"We expect to break ground on this project (Bank Street Commons) by the end of June," Gilpatric told the 50 attendees of the session. He added that the first phase will consist of 250 rental apartments and approximately 1,200 sf of retail space.

The development calls for the construction of two, 21-story towers that will feature 500 rental apartments, and up to a 200-room hotel that will total approximately 90,000 sf that will be housed in a third building. The project will have two levels of underground parking. The company hopes to have the first tenants of its rental apartments move in by early 2003.

The second phase would involve another 250 rental housing units, Gilpatric said. The hotel would be built in the third phase. He said that the firm is currently in negotiations to select a hotel operator, but had not finalized any agreement to date.

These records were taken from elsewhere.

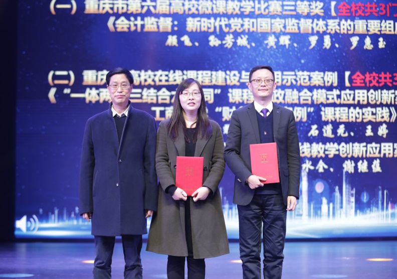 随后,校党委李志雄书记向王婷老师颁发了全国辅导员年度人物的奖牌,校党委宋豫副书记向获评“会计之星”的同学们颁发了奖状和奖杯,陈兴述副校长向顾飞老师和蒋秋菊老师颁发了重庆市第六届高校微课教学比赛三等奖 ,相关职能部门领导为校级以上获奖的教师颁发奖状。
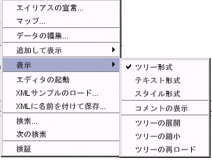 メインメニューバーの[表示]オプションを使用すると、コンポーネントエディタでXML情報を表示する方法を選択できます。表示方法は、ツリー、テキスト、または様式化された形式の中から選択できます。各ビューには、マウスを右クリックするとアクセスできる独自のコンテキストメニューがあります。
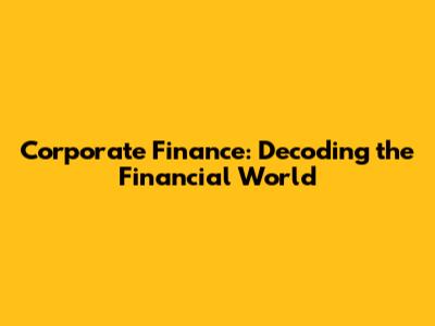 Corporate Finance: Decoding The Financial World
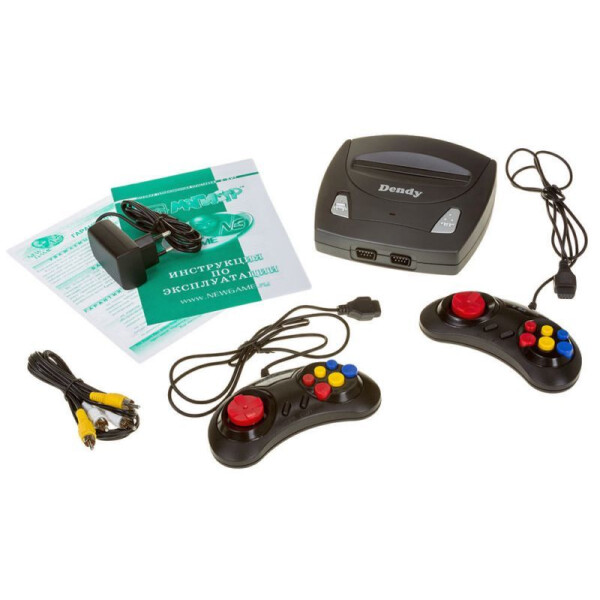 195 встроенных игр, в комплекте 2 проводных геймпада, адаптер питания, AV-кабель, поддержка оригинальных картриджей Dendy.
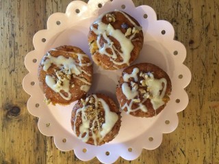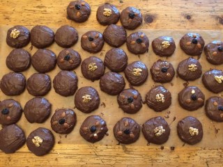 Für die Deko benötigen wir Aprikosenkonfitüre, Puderzucker, Sahne und nochmal geröstete Walnüsse.
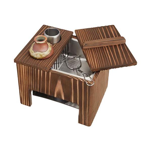 ステンレスの本体に、焼杉製のケース付き。さらに豆腐すくい、汁次、固形燃料を置く火皿が付属し、どれも本格的。
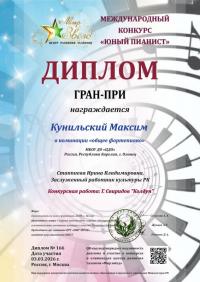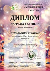 Второклассник музыкального отделения Кунильский Максим дополнил в своё творческое портфолио ещё один весомый Диплом Лауреата l степени Международного конкурса "Музыкальная палитра" по общему курсу фортепиано. Отличное завершение учебного года! Поздравляем Максима и его преподавателя Стаппиеву И.В. с высокой наградой!
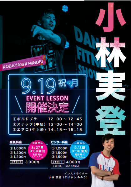 9.19(月)祝日イベントレッスン開催決定!2022.08.18
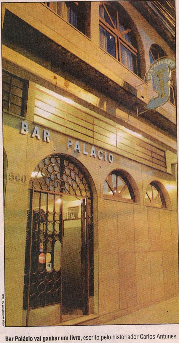 [...] O Bar Palácio estaria sendo despejado, com 30 dias para deixar o ponto. E estaríamos vivendo despercebidamente, nesta temporada de noites vazias e maridos cigarras, as últimas noites de convivência com os fillets grisées, os ‘mineiros de botas’, as ‘farofas de ovo’, ‘os frangos a alho e óleo’, que, por mais de 40 anos, fizeram a delícia de gerações de notívagos, saciaram a fome nas madrugadas frias, aplacaram paixões encubadas, deram calorias para que outras seguissem em frente
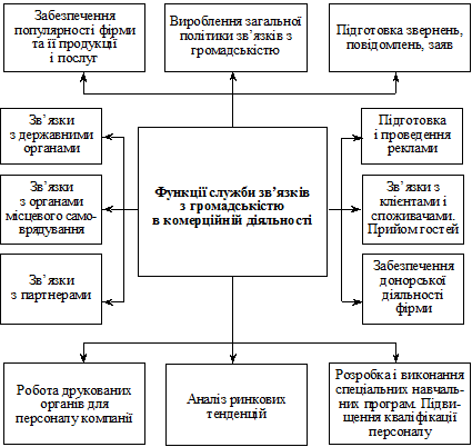 зв’язків з громадськістю, враховують пропозиції, приймаючи рішення не лише з проблем паблік рилейшнз, а й з інших напрямів функціонування фірми. Дуже важливою функцією служби ЗЗГ є підготовка звернень, повідомлень, заяв, відповідей, що стосуються інтересів фірми в усіх напрямах її діяльності. Формування пабліситі (популярності) фірми загалом і видів її продукції зокрема також є однією з важливих функцій ЗЗГ у комерційній діяльності.
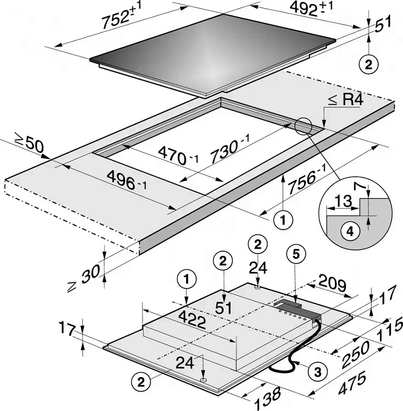 - • Конфорок индукционных: 4

While the firm has not set asking rents for the apartment units as yet, Gilpatric estimated that one bedroom apartments (725 sf) would run approximately $2,000 per month and two bedroom units (1,100 sf) would cost approximately $3,000 per month. A total of 15 of the units will be affordable units.

The development will be evenly divided between one bedroom and two bedroom rentals. Weinberg noted that rents in the region had escalated and that the development should attract renters who are tired of paying New York City rents as well as empty nesters in the Westchester County area.

The project site has been known as "the hole in the ground" because in the early 1980s, Jack Parker Corp. had proposed to build a hotel and did some excavation work to prepare the site for development. However, the hotel venture, along with a proposed office development and later a multiplex movie theater all failed to break ground.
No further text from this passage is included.